The event features hands-on demonstrations highlighting how AI enhances picture quality, viewing experiences and display performance across Samsung’s Micro RGB, OLED and gaming displays.
The technologies showcased at the summit reflect Samsung’s long-standing leadership in the category, with the company ranking as the global TV market leader for 20 consecutive years.1
▲ Media and industry professionals experience Samsung’s 2026 AI display innovations firsthand.
Micro RGB for Premium Home Viewing
A key focus of the event is Samsung’s new Micro RGB TV lineup, led by the flagship 75-inch R95H and R85H models. Designed for premium home viewing, the lineup delivers precise color, deep contrast and an immersive picture quality.
▲ Samsung demonstrates the 75-inch Micro RGB TV (R95H) during a side-by-side picture quality comparison. Samsung is also expanding Micro RGB technology with screen sizes ranging from 55 to 115 inches, bringing its core strengths — including rich color, sharp contrast and refined local dimming — to more home environments.
Powered by the Micro RGB AI Engine Pro, Samsung’s latest Micro RGB TVs optimize color and contrast in real time for lifelike detail. The lineup also achieves 100% of the BT.2020 color range and includes certified Glare Free technology to reduce reflections for a clearer viewing experience. Features such as Micro RGB Precision Color 100 and Vision AI Companion (VAC) further enhance picture quality and personalized viewing.

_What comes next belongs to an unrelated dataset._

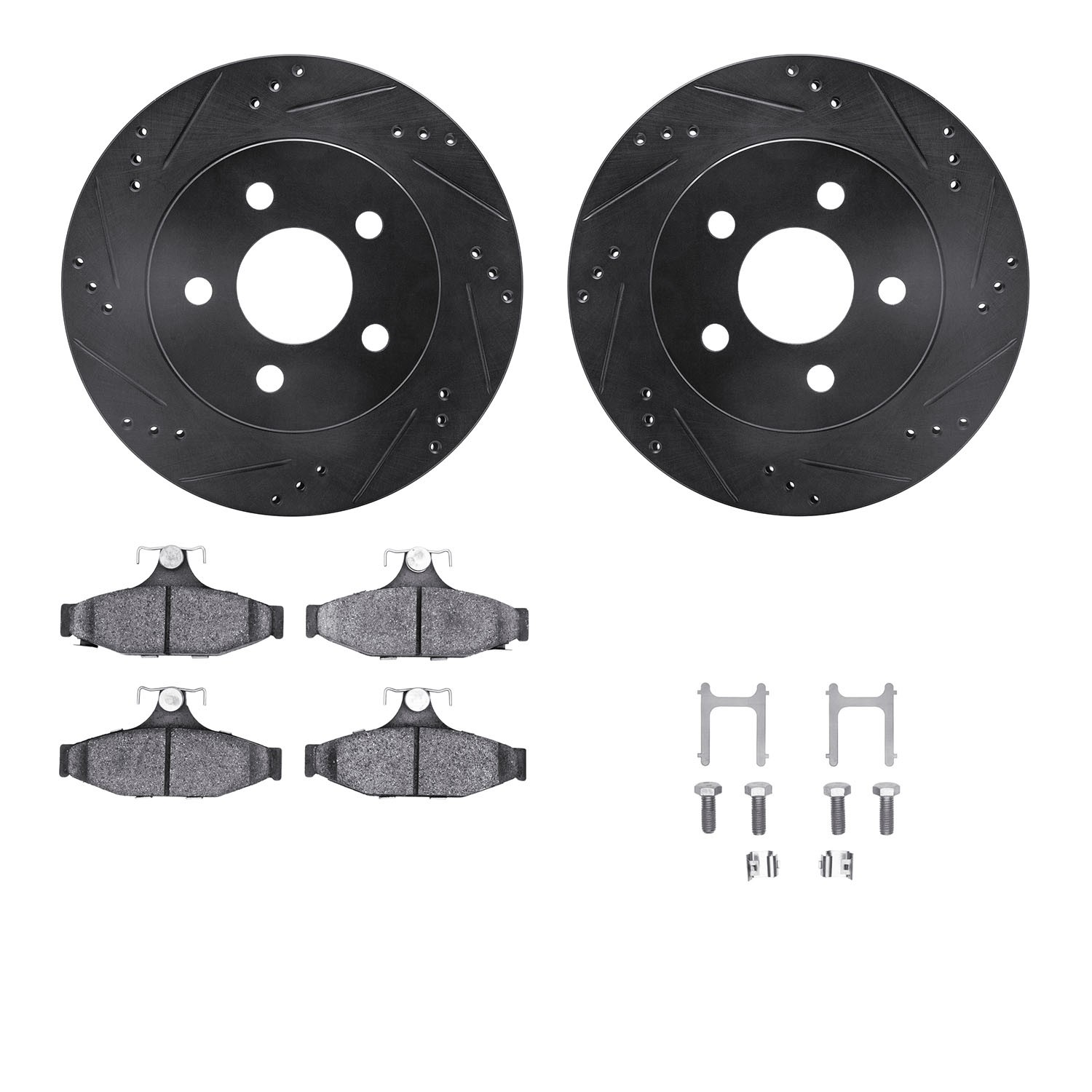 - DFC Rotors-Drilled & Slotted-Black w/ EURO 5000 Ceramic Brake Pads Incl Hdw

OLED Innovation Powered by AI
Samsung’s 2026 OLED lineup combines cinematic picture quality, refined design and intelligent features to elevate the viewing experience. Leading the lineup is the 77-inch S95H, which delivers brighter OLED performance, advanced HDR processing and a premium design that stands out even when the screen is off.
VAC brings AI to the center of the screen experience, offering a more natural way to interact with the TV and discover relevant content. Additional Samsung AI features further expand the OLED experience beyond picture quality.
AI Upscaling Pro improves low-resolution content by enhancing clarity, depth and contrast, while AI Soccer Mode Pro optimizes picture and sound for live sports and AI Sound Controller Pro gives viewers greater control over dialogue, background music, crowd noise and commentary.
HDR10+ Advanced technology delivers more precise brightness control, improved tone mapping and a more dynamic picture. Combined with certified Glare Free technology that minimizes reflections, the S95H maintains exceptional contrast and sharpness, even in bright spaces.
The S95H also features Samsung’s new FloatLayer Design for a lighter, gallery-inspired look. Art Mode and Samsung Art Store allow the TV to function as both a screen and a piece of home décor.
▲ Samsung presents its latest OLED innovations, including improvements in brightness, HDR performance and AI-based features.
Odyssey Gaming Monitors for Speed and Immersion
Samsung is expanding its Odyssey lineup with gaming monitors ranging from glasses-free 3D immersion to ultra-fast OLED performance and sharp 6K resolution.
▲ Samsung showcases its latest gaming monitor lineup — including OLED and 6K models. Leading the lineup is the 27-inch Odyssey 3D (G90XF model), featuring Eye Tracking and View Mapping technology for natural, glasses-free 3D immersion. With a 165Hz refresh rate and 1ms GtG2 response time, it delivers smooth, responsive gameplay.
Also on display is the 32-inch Odyssey G8 (G80HS model), the industry’s first 6K gaming monitor offering a native 165Hz refresh rate, Dual Mode support up to 330Hz in 3K and VESA-certified DisplayPort 2.1 connectivity.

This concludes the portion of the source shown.